Trajectory Stitching for Solving Inverse Problems with Flow-Based Models

TL;DR

MS-Flow introduces a trajectory-based approach with intermediate latent states for flow models, reducing memory costs and enhancing inverse problem solutions like inpainting and super-resolution.

Contribution

It proposes MS-Flow, a novel method that models the generative trajectory with intermediate states, improving efficiency and reconstruction quality in inverse problems.

Findings

MS-Flow reduces memory usage compared to traditional methods.

MS-Flow achieves better reconstruction quality in image recovery tasks.

Demonstrated effectiveness on inpainting, super-resolution, and CT reconstruction.

Abstract

Flow-based generative models have emerged as powerful priors for solving inverse problems. One option is to directly optimize the initial latent code (noise), such that the flow output solves the inverse problem.
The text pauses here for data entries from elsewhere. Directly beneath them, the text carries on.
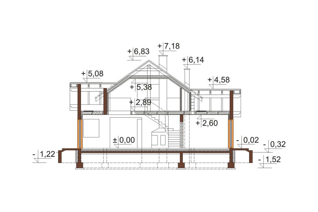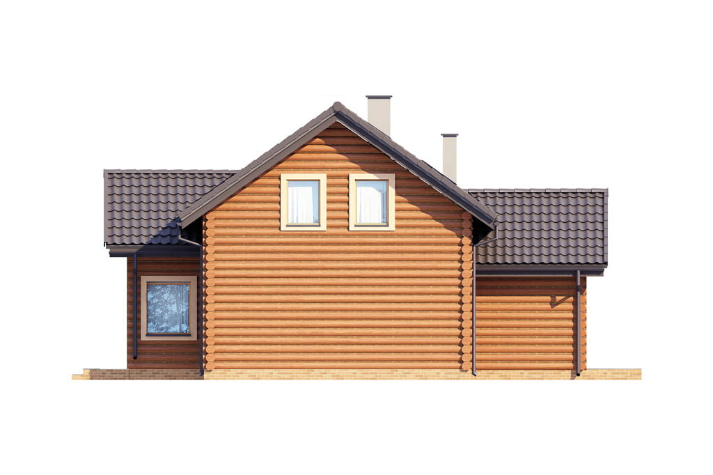Projekt posiada ciekawą bryłę z dwoma wysunięciami, pierwsze jest w części frontowej, a drugie w ogrodowej. Z przodu mamy elegancki ganek z wiatrołapem i kotłownią, a z tyłu budynek ma nieco mniejsze wysunięcie, które powiększa powierzchnię salonu. Dom przykryty jest dwuspadowym dachem o kącie nachylenia dachu równym 35 stopni. Do realizacji projektu potrzebna będzie działka o szerokości minimum 16 m.
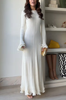 Elevate your style with the Margovil Maxi Dress! Featuring bell sleeves and a back lace-up design, this dress exudes effortless charm. The ruffle trim adds a touch of femininity, making it perfect for any occasion. Comfortable and chic, this dress is a must-have in your wardrobe!
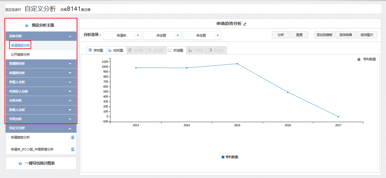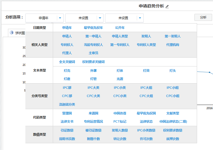 进入Inspiro自定义分析页面的时候分析选项默认设置为“申请年”
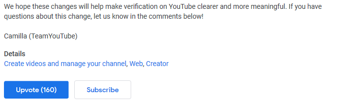 It should be easy to know when you’ve found the official YouTube channel of a creator, artist, brand, or public figure. So in late October, we’re updating what it means for channels to be “Verified” w/ new eligibility criteria & a new look. Details → https://yt.be/help/3QfB pic.twitter.com/JXOvMbkbns
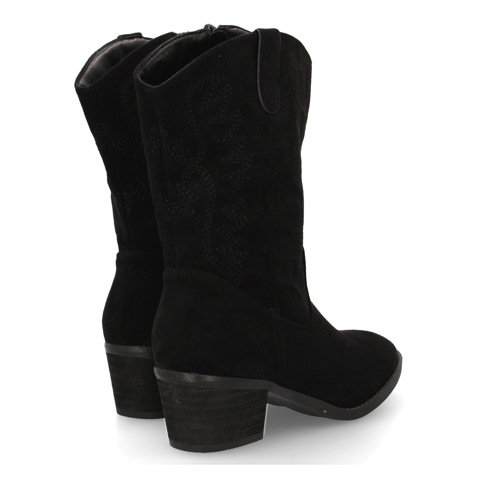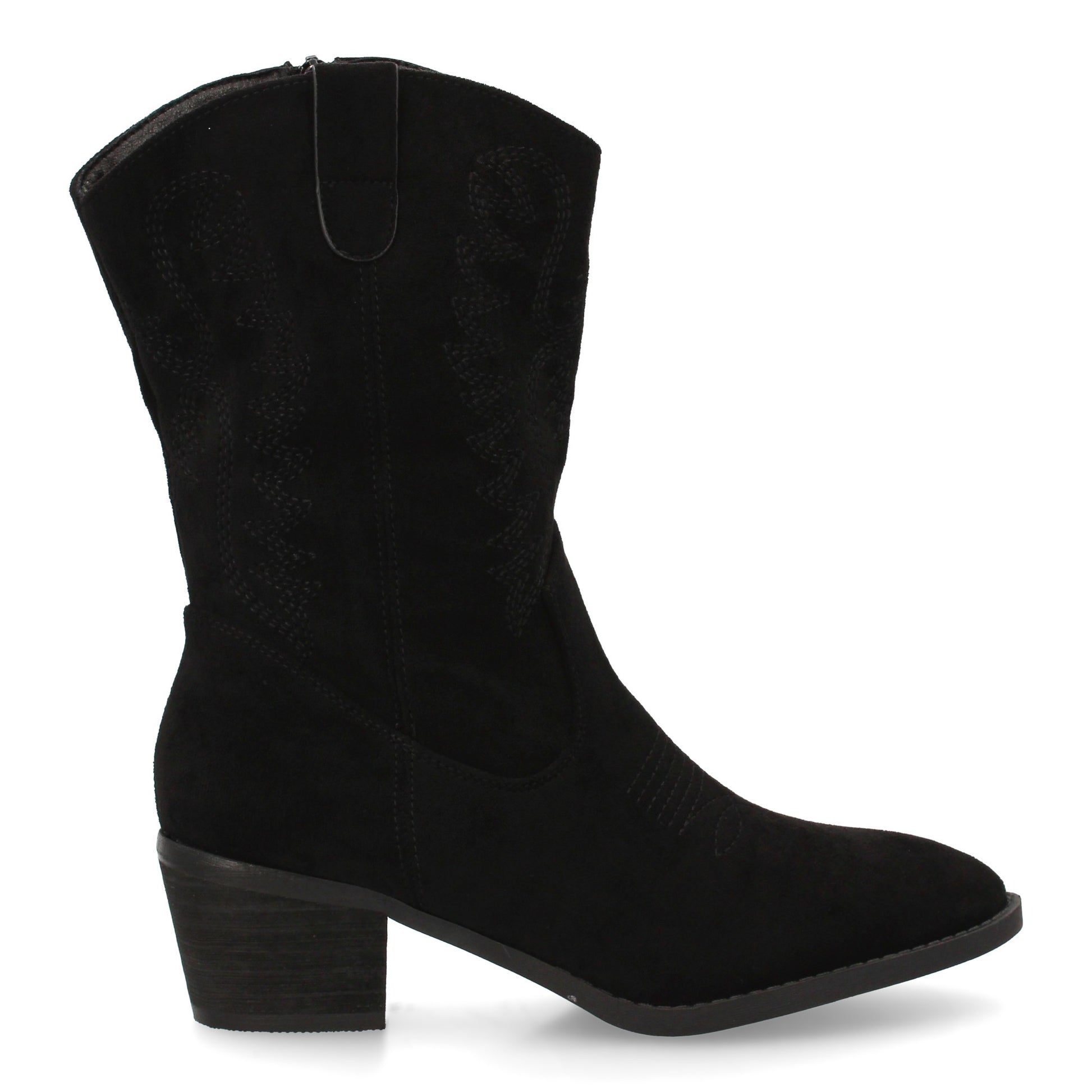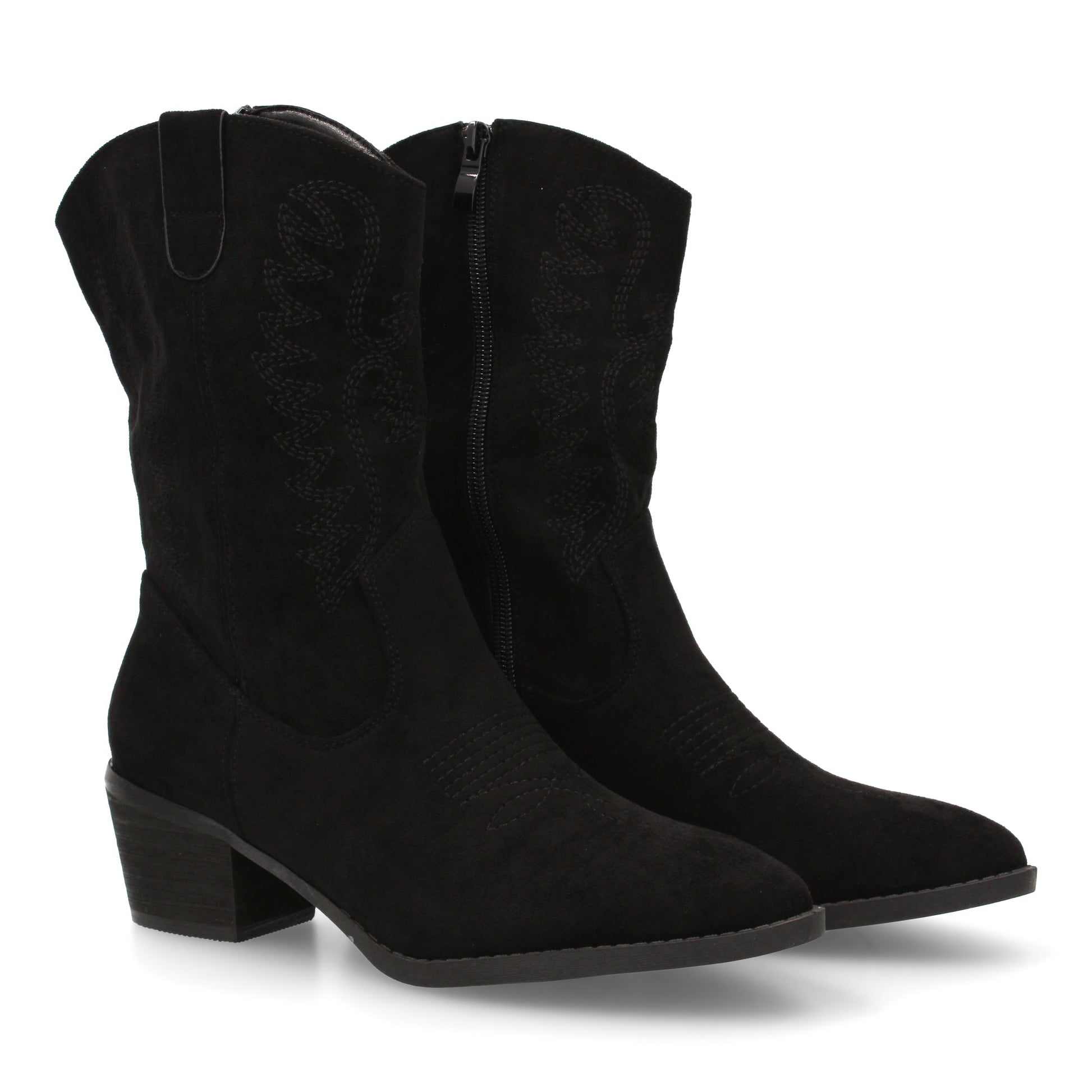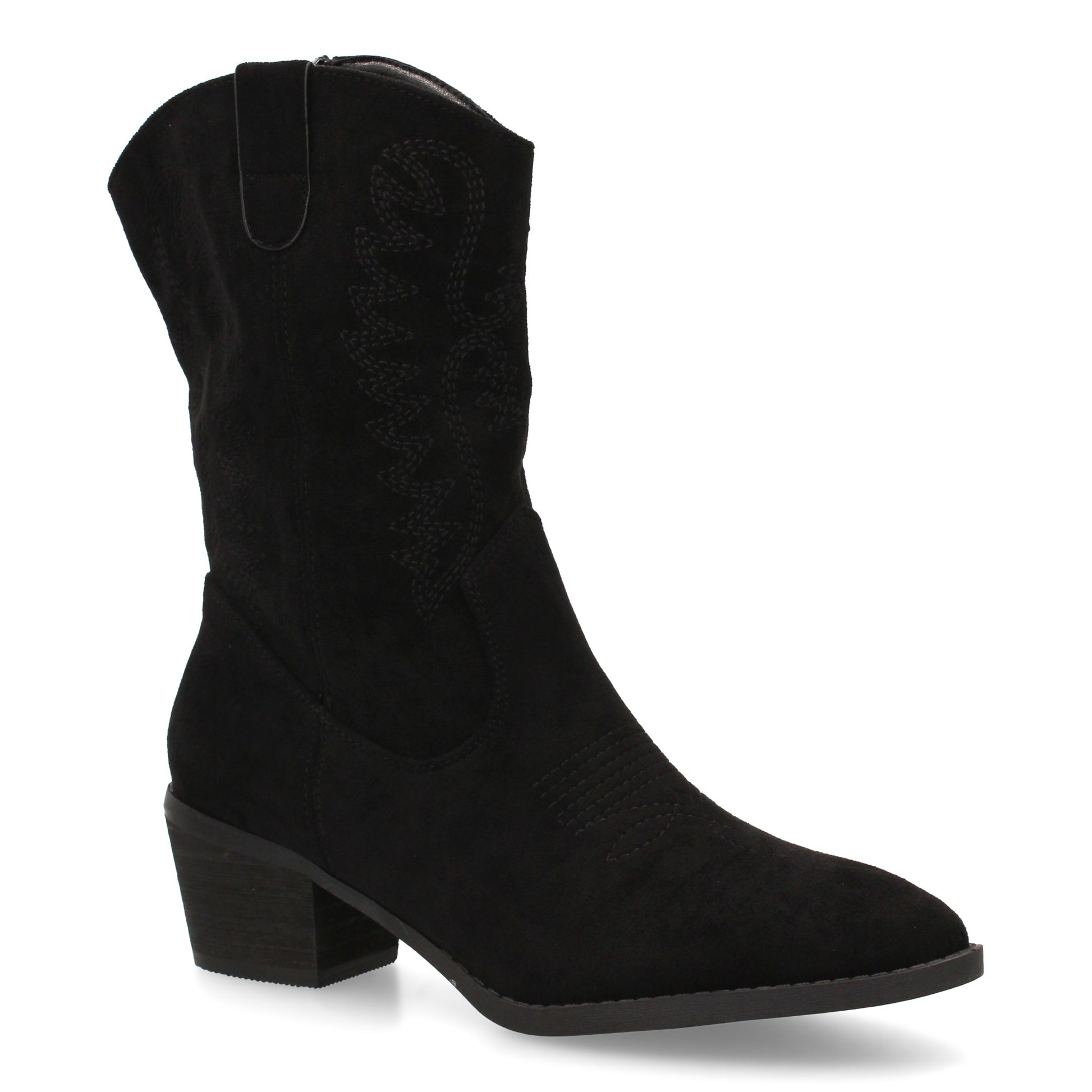 Bota cowboy de caña media con bordados frontales y laterales punta fina. tacón ancho comodo ideal para mujer en temporada Otoñoo invierno. Cierre de cremallera.

However, this requires backpropagating through the entire generative trajectory, incurring high memory costs and numerical instability. We propose MS-Flow, which represents the trajectory as a sequence of intermediate latent states rather than a single initial code. By enforcing the flow dynamics locally and coupling segments through trajectory-matching penalties, MS-Flow alternates between updating intermediate latent states and enforcing consistency with observed data. This reduces memory consumption while improving reconstruction quality. We demonstrate the effectiveness of MS-Flow over existing methods on image recovery and inverse problems, including inpainting, super-resolution, and computed tomography.